The user preferences can be retrieved, for example, from a preference data store (e.g., preference data store 480 of FIG. 4). The user preferences can include, for example, preferences for shortest timed routes, shortest distance routes, preferred routes, preferred neighborhoods, fewest traffic lights, reliability (e.g., low standard deviation in previous navigation times), etc. Other preferences can be provided.

The historical data can be retrieved, for example, from a historical data store (e.g., historical data store 460 of FIG. 4). Historical data can include, for example, previously traveled routes, navigation times linked with those routes, time of day linked to the navigation times, etc. In some implementations, the traffic information system uses historical data to estimate traffic information based on historical data including route progression identification, navigation time, and time of day the route was navigated. Using such historical data can be derived, for example, that the average time for a particular route progression is 10 minutes with a standard deviation of 2 minutes.

At stage 530, the route is analyzed based on route information. The route can be analyzed, for example, using an analysis engine (e.g., analysis engine 430 of FIG. 4). The analysis includes the route information previously retrieved. In some implementations, the analysis can receive several different routes and prioritize the routes based on the route information.

At stage 540, a route is presented. The route can be presented, for example, by a presentation engine (e.g., presentation engine 440) to a user of a mobile device. The presented route can be overlaid onto a map provided by a navigation system (e.g., map system 490 of FIG. 4, or navigation services 230 of FIG. 2). In other implementations, the route can be overlaid on a map provided by a local map data store. In some implementations, the map includes a number of road representations. The road representations, for example, can be overlaid by traffic information associated with respective route progressions. Traffic information can be indicated, for example, by color coding on or alongside road representations, pushpin messages associated with road representations, traffic animations associated with road representation, etc. The presentation of the route can enable a user of the mobile device to navigate from a current position to a destination.

FIG. 6 is a flowchart illustrating another example method for route guidance. At stage 600, a history is compiled. The history can be compiled, for example, by a history data store (e.g., history data store 460 of FIG. 4), in conjunction with a positioning system (e.g., positioning system 318 of FIG. 4). In some implementations, the historical data can include timing data associated with a route or subsets of the route, such as could be provided by a timing device (e.g., a device clock). Historical data can also include distance information associated with a route or subset of the route and can be reflected in absolute distance and/or actual distance. For example, the absolute distance (e.g., straight line distance) between two points may be two miles. However, navigating between the same two points using a system of roads can involve navigating three miles of roads. In various implementations, route progressions can include a plurality of scales. For example, on one scale, a route progression might include a segment of road between intersections. On another scale, a route progression might include a segment of road between major intersections (e.g., intersections controlled by traffic control devices). On yet another scale, route progressions might include multiple roads between common waypoints (e.g., common intersections or common start or destination points). Use of other scales as well as use of combinations of multiple scales is possible.
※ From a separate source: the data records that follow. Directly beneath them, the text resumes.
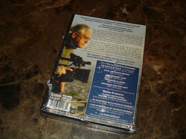 El box set de FIVE FILMS BY PATRICIO GUZMÁN ofrece una oportunidad extraordinaria de experimentar el trabajo de uno de los mejores documentalistas del mundo, el único director con dos películas en el top 20 de la lista de los mejores documentales de todos los tiempos de Sight & Sound. Primer estudio integral de la obra de Guzmán. Esta colección representa un lapso de 35 años de las películas de Guzmán. Incluye un largometraje sobre Guzmán, ¡no disponible en ningún otro lado! Incluye las obras más conocidas y elogiadas de Guzmán
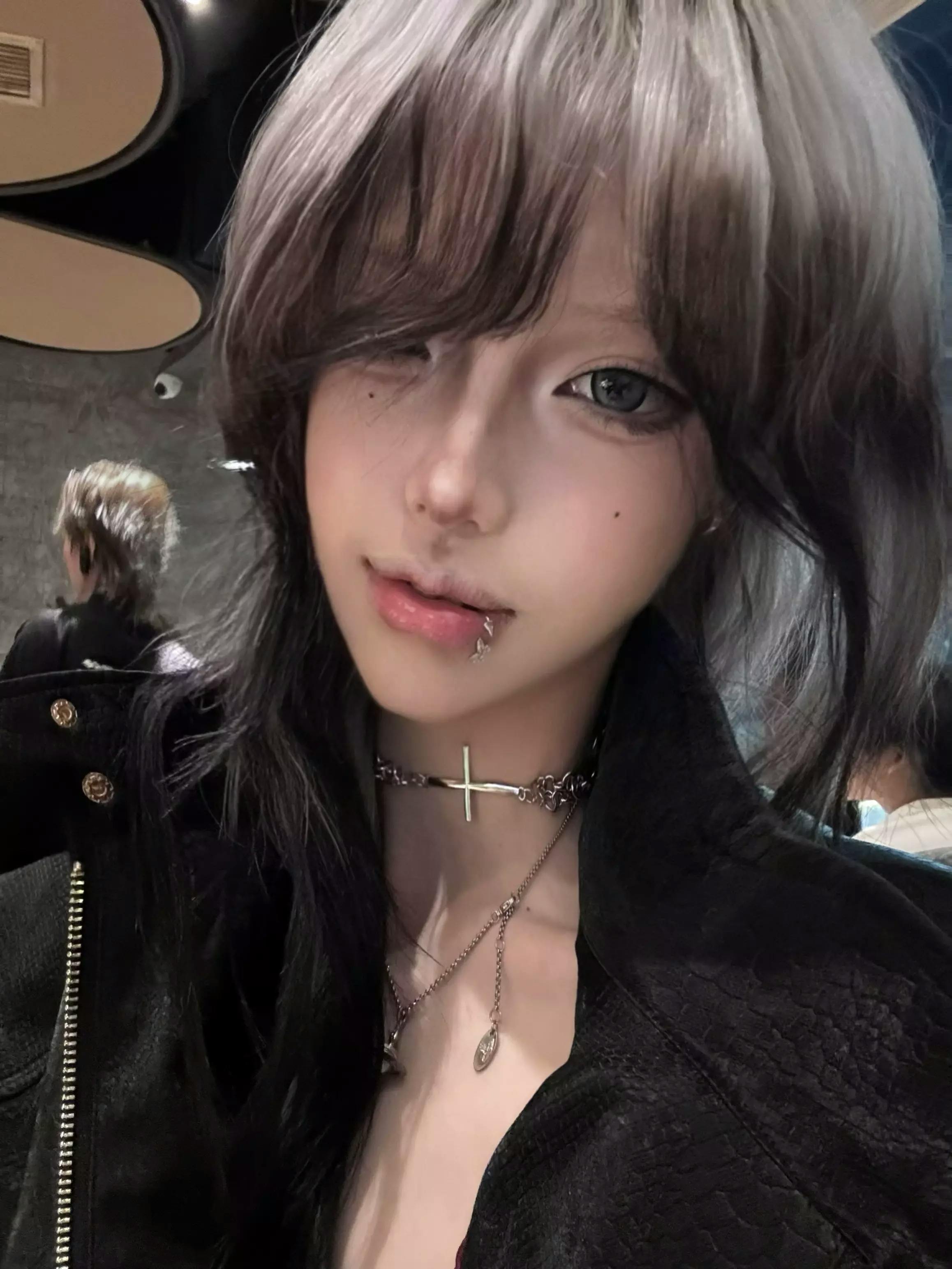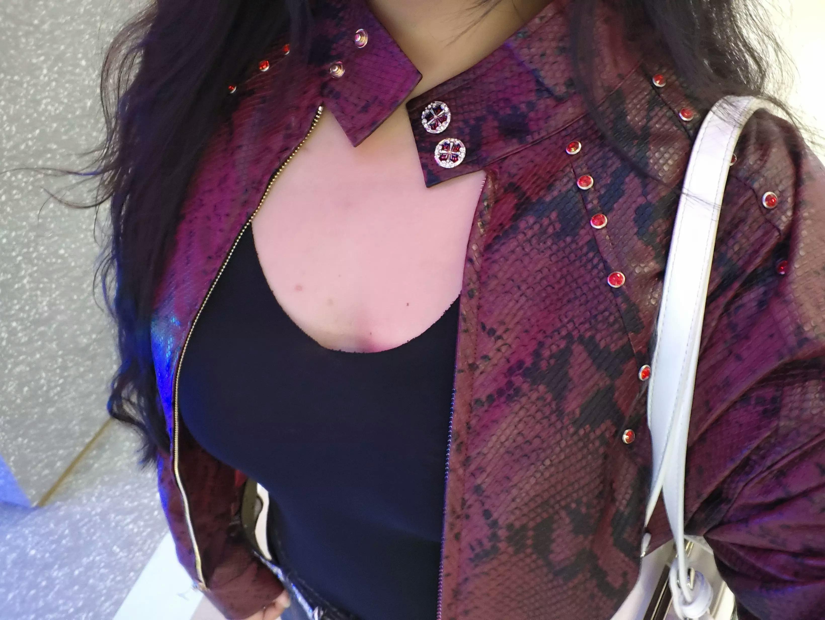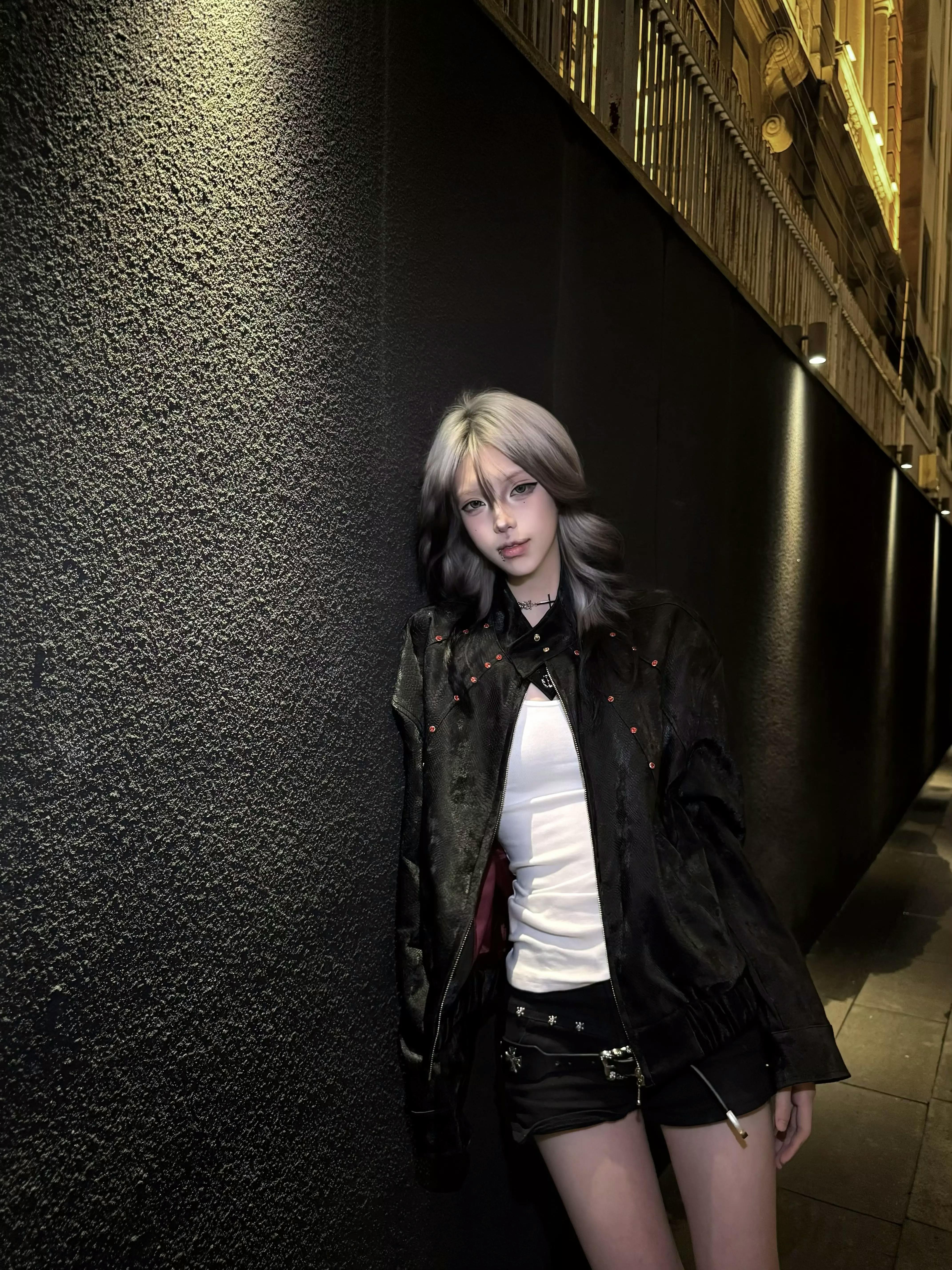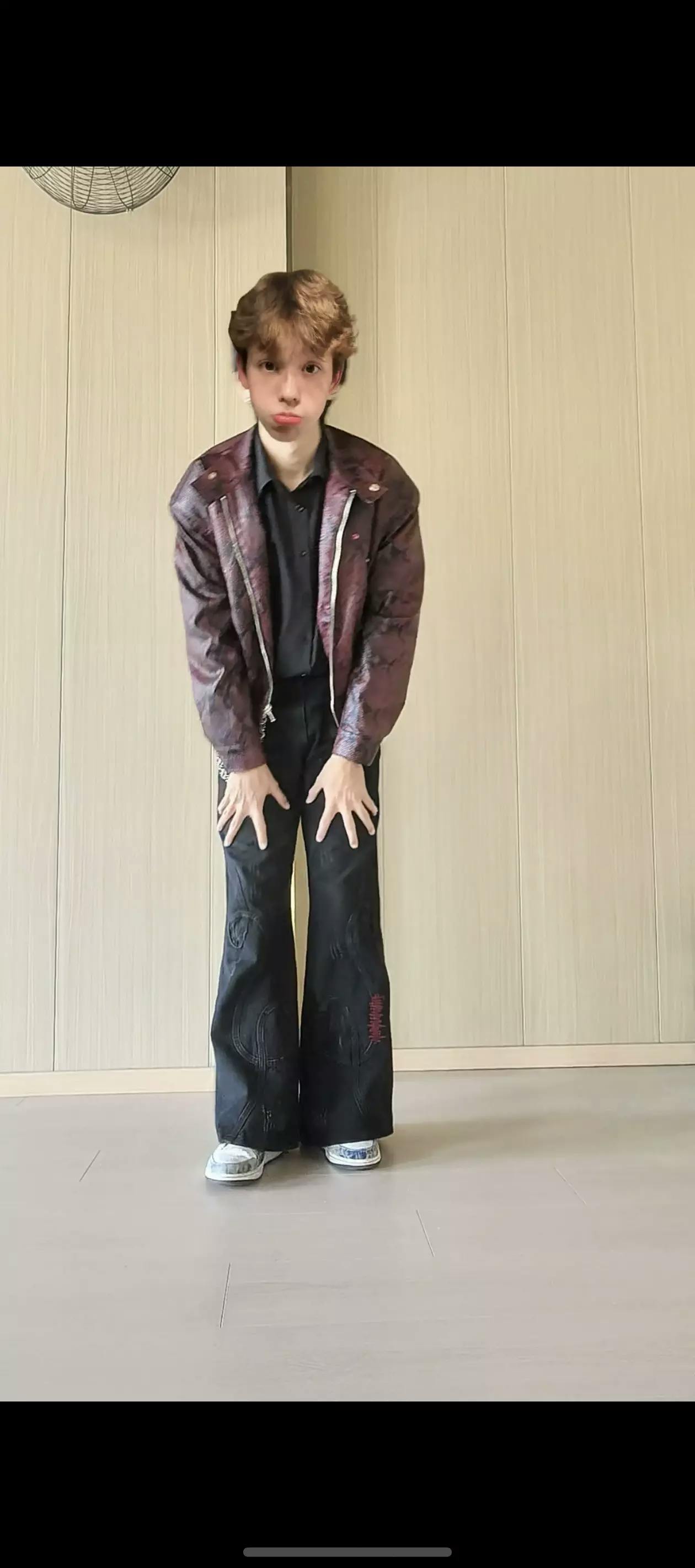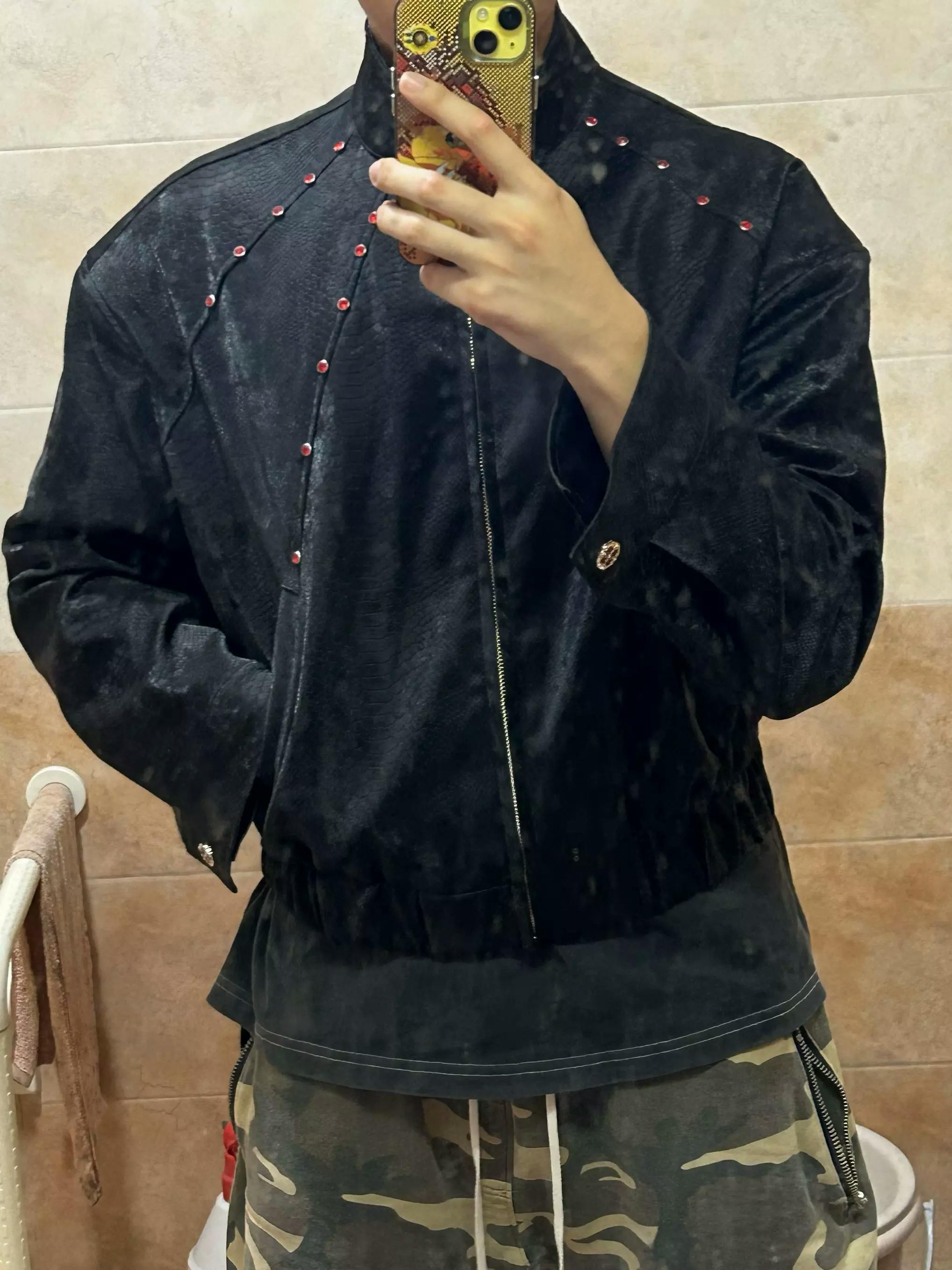 This standout bomber jacket is crafted in a bold burgundy snakeskin-print faux leather, blending avant-garde attitude with classic streetwear edge. The structured silhouette features a high collar, zip front, and subtle metal stud detailing for added dimension. Paired with wide-leg black pants and a sleek tie, this look channels runway drama and contemporary cool.
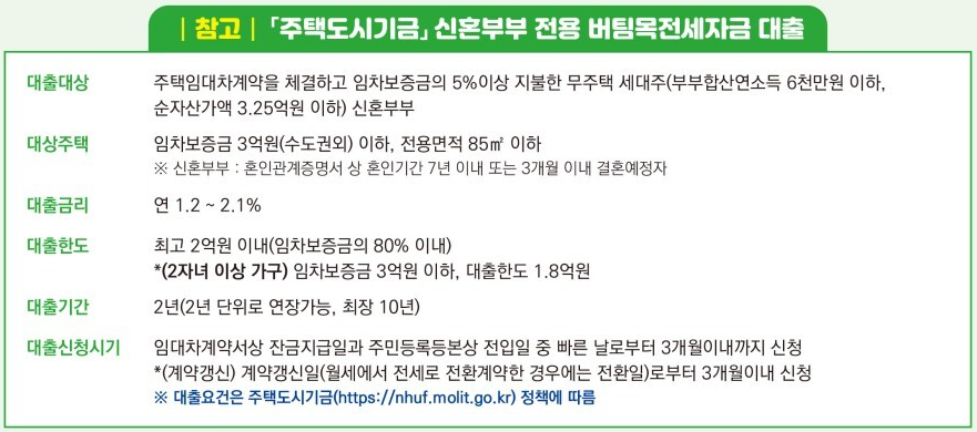 - 주택도시기금 신혼부부 전용 전세자금대출(버팀목) 신규 대출자 및 대출 연장자(21.1월 이후) 중

At stage 610, an average time associated with a route progression can be derived. The average time can be derived for example by an analysis engine (e.g., analysis engine 430 of FIG. 4). In one implementation, the average time associated with a route progression can be derived by aggregating the navigation times associated with each of a plurality of route progressions and dividing the aggregated time by the total number of navigations associated with the route progression. In another implementation, a moving average can be derived based on the most recent trips. In still further implementations, the average time associated with a route progression, can also be based upon a time of day and/or day of the week associated with the navigation of the route progression. Thus, trips between 7:00 AM and 9:00 AM on non-holiday weekdays can be grouped together to provide an average rush hour navigation time associated with a route progression, while non-peak traffic times can be grouped together to provide an average non-rush hour navigation time associated with the route progression.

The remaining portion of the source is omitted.